Environment Variable Name | Environment Variable Content | Remark |
---|---|---|
JAVA_HOME | JDK installation path | Required |
HADOOP_HOME | Hadoop installation path | Required |
HADOOP_CONF_DIR | Hadoop installation path | Required |
SQOOP_HOME | Sqoop installation path | Not Required |
SQOOP_CONF_DIR | Sqoop config path | Not Required |
HCAT_HOME | HCAT config path | Not Required |
HBASE_HOME | HBASE config path | Not Required |
Table 1-1 Environment configuration list
Linkis Parameter Name | Parameter Content | Remark |
---|---|---|
wds.linkis.hadoop.site.xml | Set sqoop to load hadoop parameter file location | Required,Reference example:"/etc/hadoop/conf/core-site.xml;/etc/hadoop/conf/hdfs-site.xml;/etc/hadoop/conf/yarn-site.xml;/etc/hadoop/conf/mapred-site.xml" |
sqoop.fetch.status.interval | Set the interval time for obtaining sqoop execution status | Not required, the default value is 5s |
2.Sqoop Engine configuration and deployment
2.1 Sqoop Version selection and compilation
Mainstream Sqoop versions 1.4.6 and 1.4.7 supported by Linkis 1.1.2 and above, and later versions may need to modify some code and recompile
2.2 Sqoop engineConn deploy and load
Note: Before compiling the sqoop engine, the linkis project needs to be fully compiled
Compile sqoop separately:
${linkis_code_dir}linkis-engineconn-plugins/sqoop/
mvn clean install
The installation method is to compile the compiled engine package, located in
${linkis_code_dir}linkis-engineconn-plugins/sqoop/target/sqoop-engineconn.zip
and then deploy to
${LINKIS_HOME}/lib/linkis-engineplugins
and restart linkis-engineplugin
cd ${LINKIS_HOME}/sbin
sh linkis-daemon.sh restart linkis-cg-linkismanager
More engineplugin details can be found in the following article EngineConnPlugin Installation
3.Sqoop Engine Usage
3.1 OnceEngineConn
OnceEngineConn is used by calling LinkisManager's createEngineConn interface through LinkisManagerClient, and sending the code to the created Sqoop engine, and then the Sqoop engine starts to execute. This method can be called by other systems, such as Exchange. The use of Client is also very simple, first create a new maven project, or introduce the following dependencies into your project
<dependency>
<groupId>org.apache.linkis</groupId>
<artifactId>linkis-computation-client</artifactId>
<version>${linkis.version}</version>
</dependency>
Test Case:
package com.webank.wedatasphere.exchangis.job.server.log.client
import java.util.concurrent.TimeUnit
import java.util
import org.apache.linkis.computation.client.LinkisJobBuilder
import org.apache.linkis.computation.client.once.simple.{SimpleOnceJob, SimpleOnceJobBuilder, SubmittableSimpleOnceJob}
import org.apache.linkis.computation.client.operator.impl.{EngineConnLogOperator, EngineConnMetricsOperator, EngineConnProgressOperator}
import org.apache.linkis.computation.client.utils.LabelKeyUtils
import scala.collection.JavaConverters._
object SqoopOnceJobTest extends App {
LinkisJobBuilder.setDefaultServerUrl("http://127.0.0.1:9001")

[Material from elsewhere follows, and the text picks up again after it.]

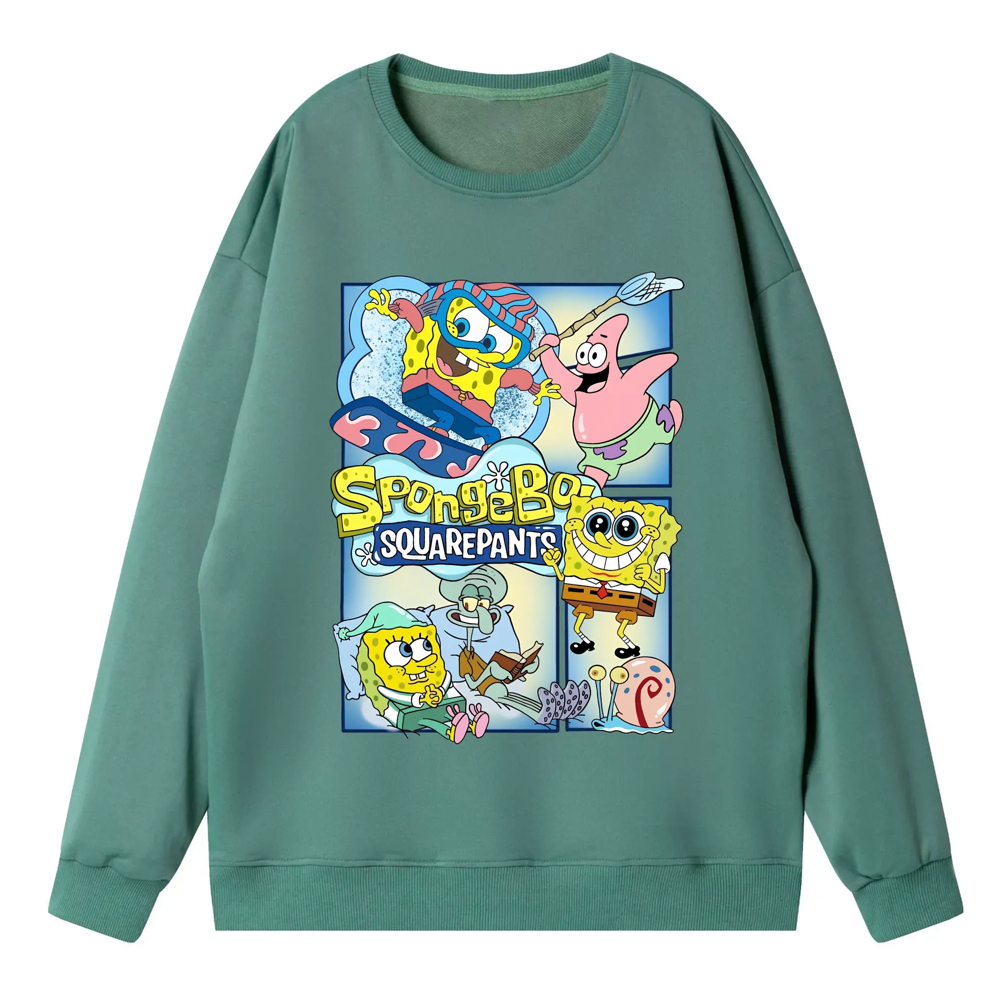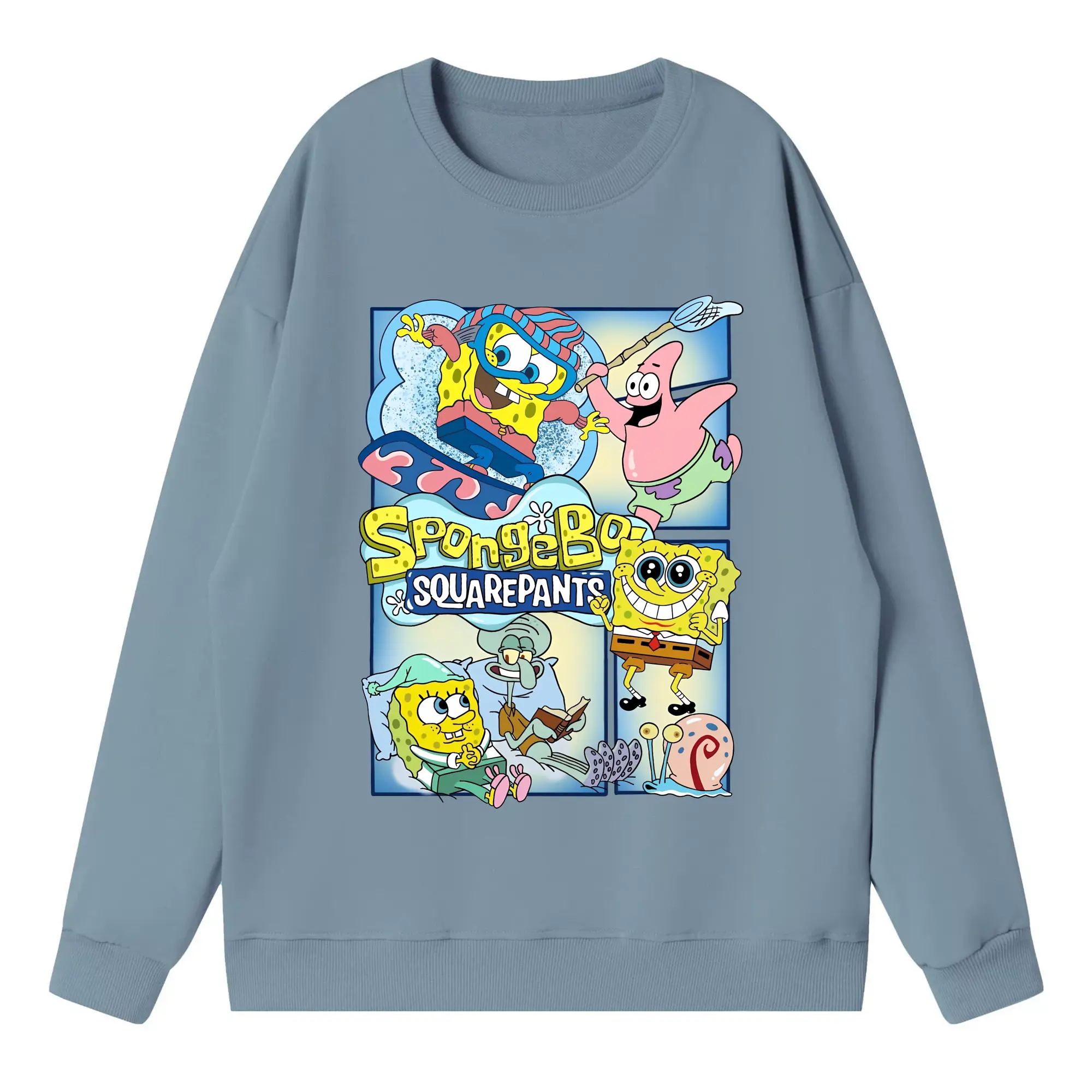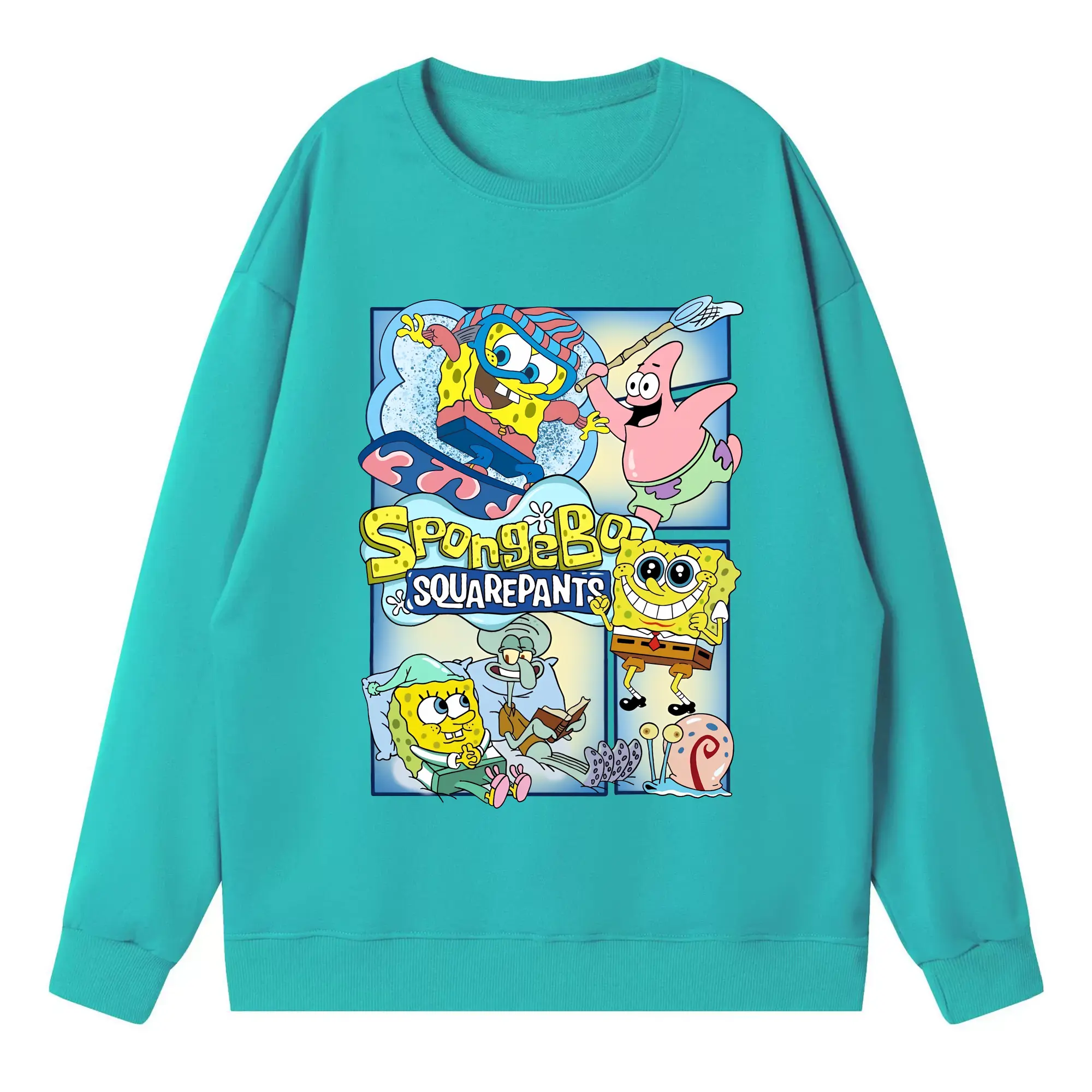 スポンジボブ グッズ スポンジボブ - 高品質 クルーネック スウェット ・ コットン59% ポリエステル41% ・ ユニセックス 長袖 トレーナー ・ カジュアル デイリー スポーツ 散歩用

val logPath = "C:\\Users\\resources\\log4j.properties"
System.setProperty("log4j.configurationFile", logPath)
val startUpMap = new util.HashMap[String, Any]
startUpMap.put("wds.linkis.engineconn.java.driver.memory", "1g")
val builder = SimpleOnceJob.builder().setCreateService("Linkis-Client")
.addLabel(LabelKeyUtils.ENGINE_TYPE_LABEL_KEY, "sqoop-1.4.6")
.addLabel(LabelKeyUtils.USER_CREATOR_LABEL_KEY, "Client")
.addLabel(LabelKeyUtils.ENGINE_CONN_MODE_LABEL_KEY, "once")
.setStartupParams(startUpMap)
.setMaxSubmitTime(30000)
.addExecuteUser("freeuser")
val onceJob = importJob(builder)
val time = System.currentTimeMillis()
onceJob.submit()
println(onceJob.getId)
val logOperator = onceJob.getOperator(EngineConnLogOperator.OPERATOR_NAME).asInstanceOf[EngineConnLogOperator]
println(onceJob.getECMServiceInstance)
logOperator.setFromLine(0)
logOperator.setECMServiceInstance(onceJob.getECMServiceInstance)
logOperator.setEngineConnType("sqoop")
logOperator.setIgnoreKeywords("[main],[SpringContextShutdownHook]")
var progressOperator = onceJob.getOperator(EngineConnProgressOperator.OPERATOR_NAME).asInstanceOf[EngineConnProgressOperator]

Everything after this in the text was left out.